As everyone knows we live in the sunshine state where we have two seasons: hot and hotter. So it is flea season year round for the most part. Anyway, we recently had a stray cat start hanging around in the front of the property and now we have some fleas in our yard. We have had the yard treated and our carpets treated and cleaned, but Sassy still ended up with a couple of fleas. Can you imagine looking for a flea in a full coat? :smpullhair: Yep, you guessed it.....like looking for a needle in a haystack. :smstarz: So after reading the thread someone posted the other day about flea control Dr. Jaimie responded about the new once a month pill, Comfortis. Thank you Dr. Jaimie! :rockon: I immediately went to the vet and purchased one pill. I wanted to make sure Sassy was not going to have a reaction to the med before I purchased a whole box. I came home and gave it to her (with a full meal). I did this to try and prevent any nausea as vomiting is the one side effect in the case studies. Abra-ca-dabra.......worked like a charm. She hasn't scratched since and the only flea I found was one DEAD flea when I groomed her last night. When it comes to fleas....DEAD is a good thing. :chili: I am so happy that Eli Lilly finally came out with a pill for those of us who did not feel safe with topicals. Thanks again Dr. Jaimie for the heads up on the new med. So far Sassy has not shown any symptoms and no more fleas. The Comfortis along with her Sentinel should nip the Florida fleas.

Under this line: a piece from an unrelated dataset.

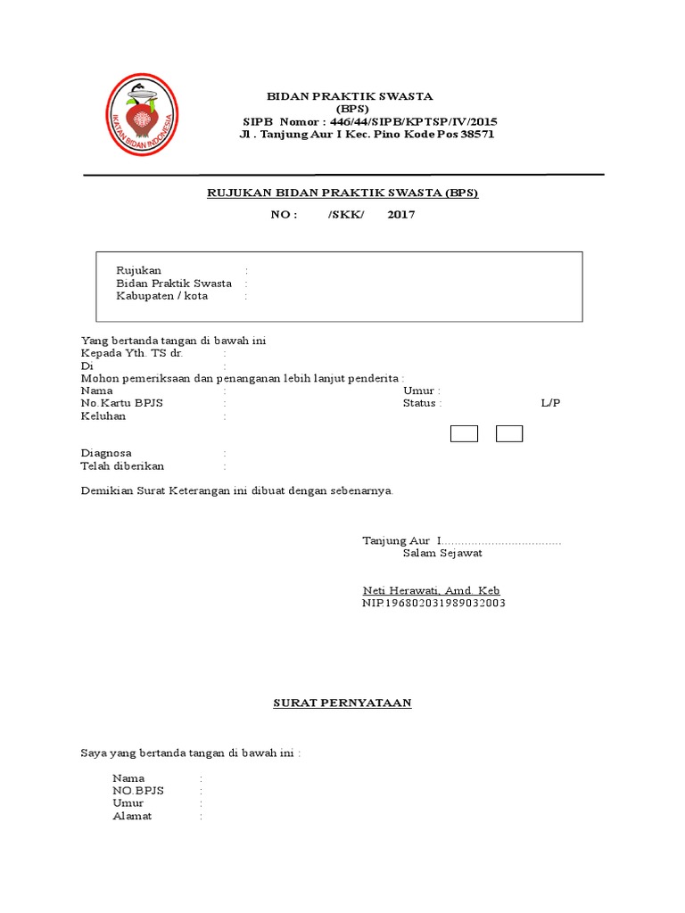 Di klinik contoh surat lamaran bidan ke puskesmas contoh surat lamaran. Fungsi bidan salah satunya adalah melakukan skirining terhadap adanya komplikasi kehamilan agar dirujuk untuk mendapatkan perawatan khusus dari dokter spesialis. Berbagi ke twitter berbagi ke facebook bagikan ke pinterest. Sistem rujukan upaya kesehatan adalah suatu sistem jaringan fasilitas pelayanan kesehatan yang memungkinkam terjadinya penyerahan tanggung jawab secara timbal balik atas masalah yang timbul baik secara vertikal maupun horizontal. Contoh surat rujukan bps as syifa. Ke rumah sakit surat.
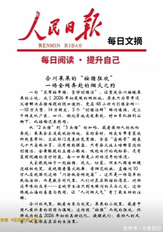同日下午,人民日报客户端发布题为《一碗刨猪汤,熬出人间烟火气》的深度评论文章。

For anyone who is interested......the cost in our area was: single pill was $13 and a box of 6 is $73.68

****I groomed Sassy the morning of the 9th.....bought the pill later around lunch time and gave it to her. So I didn't groom her again until last night, the 10th. There was no evidence of fleas on her, only the one dead one. So that is how quickly this product worked. The info with the pill says it begins working within about half an hour and I believe it. :chili: 


*There ain't no bugs on me, there ain't no bugs on me, there may be bugs on some of your mugs, but there ain't NO BUGS on ME! ~Sassy*


----------



## Bonnie's Mommie (Mar 2, 2006)

Oh, I cringe to think of our Sassy girl with a nasty flea on her!! (But I love the commercial - there ain't no bugs on me!)


----------



## dr.jaimie (Mar 23, 2004)

yay im glad it worked so well...i wish paxton weighed 5 lbs so i can use it on her but i plan to use it on the others...we r waiting on some samples from the lilly rep. i just love that i can bathe and not have to worry about washing it off.


----------



## sassy's mommy (Aug 29, 2005)

> yay im glad it worked so well...i wish paxton weighed 5 lbs so i can use it on her but i plan to use it on the others...we r waiting on some samples from the lilly rep. i just love that i can bathe and not have to worry about washing it off.[/B]



Me too Jaimie, and we don't have to worry about it being rubbed off or worse yet....a hot spot developing.


----------



## jazak (Feb 12, 2008)

Thank you so much for the review on the comfortis. I can't wait to talk to my vet about it. I called them today, and by the time they answered I forgot what I was gonna ask!!! :wacko1: :wacko1: LOL I told them I would call back if I remembered, but didn't till just now when I saw this thread. I am losing it!!! :smhelp: :smilie_tischkante:


----------



## beckybc03 (Jul 6, 2006)

Oh that commercial is my absolute favorite commercial ever. That little puppy is soooooooooooo cute!! :wub: :wub: I miss that commercial in the winter. 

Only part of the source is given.